When writing a date, a comma is used to separate the day from the month, and the date from the year.

July 4, 1776, was an important day in American history.

I was born on Sunday, May 12, 1968.

But if you’re writing the date in day-month-year format, you don’t need a comma.

The project will commence on 1 June 2018.

Here’s a tip:  Commas can be tricky, but they don’t have to trip you up. Grammarly’s writing assistant can help you make sure your punctuation, spelling, and grammar are tip-top in everything you write. Try Grammarly for free. 

Do use a comma if you’re including a day of the week with the date.
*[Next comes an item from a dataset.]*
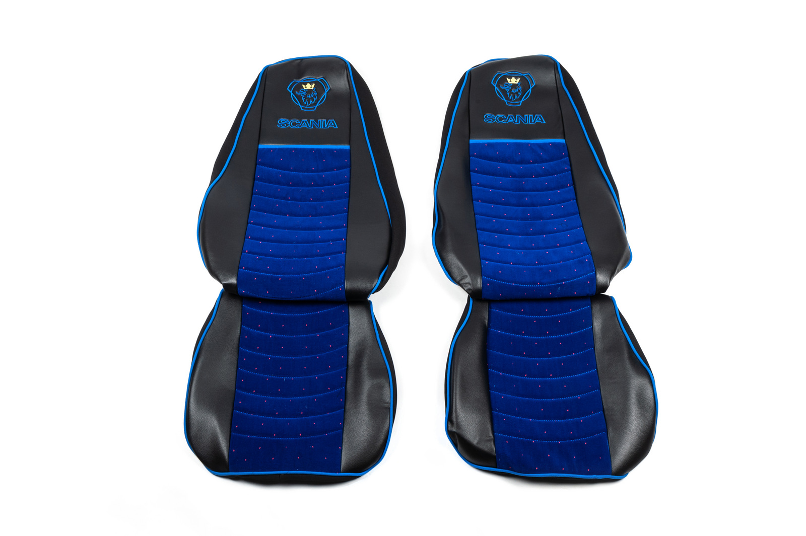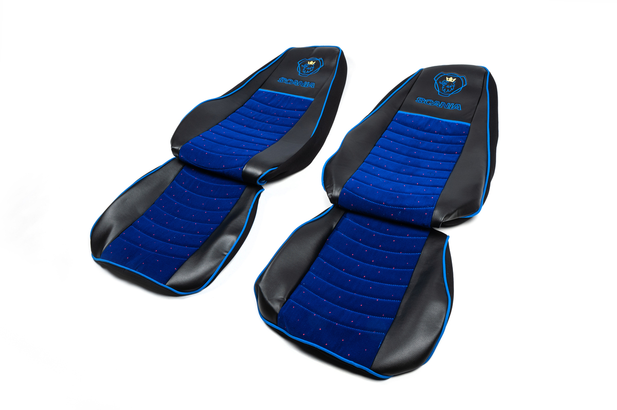 Чохли на сидіння Scania R400-420-440 (2008-2016) екошкіра + синя велюрова вставка

Note the use of the comma after the date when it appears in the middle of a sentence.

On Friday, October 28, at four o’clock, we’ll have a small gathering in the office kitchen to celebrate Mark’s birthday.

Please come out on Saturday, April 15, 2017, to show your support for the marathon runners.

When you’re giving only a month and a year, you don’t need a comma.

I haven’t seen this much snow since January 2002.

Notice how in our examples above, the dates are expressed as cardinals, not ordinals—as in, there’s no th, rd, or nd after the numeral: April 15, 2017 instead of April 15th, 2017. In formal writing, always express cardinal numbers in dates, even though when we might say a date out loud we express it as an ordinal: “January third.” 

If you use a construction with of, it is OK to use an ordinal number. It is also acceptable to use an ordinal number when referring to a specific day without referring to the month.

Xiomara gave birth on the 10th of June.

Xiomara’s baby was born on the tenth.

When you’re expressing a date in this way, with the ordinal before the month, you don’t need a comma.